Genetic Analysis Of The Cytochrome P450 (CYP) 2J2 And Soluble Epoxide Hydrolase Genes In Chinese Subjects With Type 2 Diabetes

Background and Purpose—The association between common variants of CYP2J2 gene and EPHX2 gene with the development of cardiovascular diseases (CVD) have been predominantly identified in previous studies. However, this study within persons with type 2 diabetes mellitus (T2DM) evaluated whether single-nucleotide polymorphisms (SNPs) in the same genes could distinguish T2DM risk.Methods—Gene promoter region, all exons and 3`-untranslated region of the CYP2J2 and EPHX2 genes were directly sequenced in 48 individuals. Genotypings for the SNPs which were eligible for inclusion in the study were performed using TaqMan SNP Genotyping Assays in 1135 patients with T2DM and 1139 control subjects.Results—New of the most relevant polymorphisms in terms of frequency and functional importance with the CYP2J2 and EPHX2 were not found.

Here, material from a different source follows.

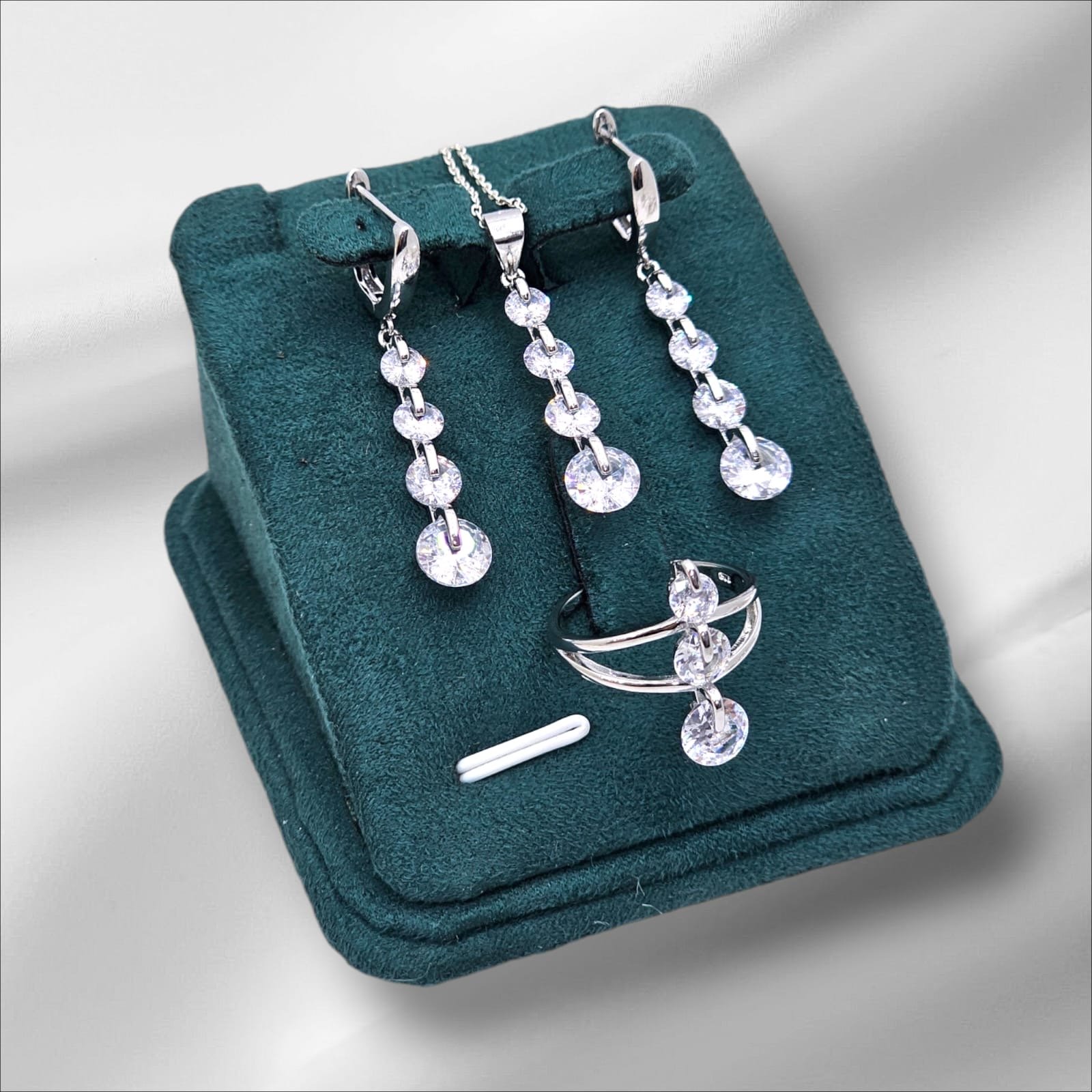 Nicolette Gümüş dəst Zərif və dəbli görünüşünüzü tamamlayacaq bu gümüş dəst, gündəlik istifadə üçün olduğu qədər xüsusi günlər üçün də ideal seçimdir. Dəstə üzük, boyunbağı, sırğa və qolbaq daxil olmaqla, tam uyğunluq və harmoniya təqdim olunur.

Genotyping data indicate that no significant di?erence were observed in genotype distribution (χ2 test; genotype: p=0.717; p=0.304; p=0.322, respectively) and allele frequency (p =0.732; p=0.338; p=0.427, respectively) between Chinese non-diabetic subjects (n=1139) and type 2 diabetic patients (n=1135). Multivariate logistic analysis data indicate that no significant associations were found between rs890293, rs751141 or rs1126452 polymorphism variant allele and the development of T2DM under a dominant model a recessive model and an additive model after or not adjustment for conventional risk factors. Similarly, none of the polymorphisms was found to associate with insulin resistance under different genetic models between cases and controls (data not shown).Conclusion—The lack of associations between SNPs (rs890293, rs751141 or rs1126452) and T2DM investigated in the Chinese Han population suggests CYP2J2 gene and EPHX2 gene may be not associated with T2DM.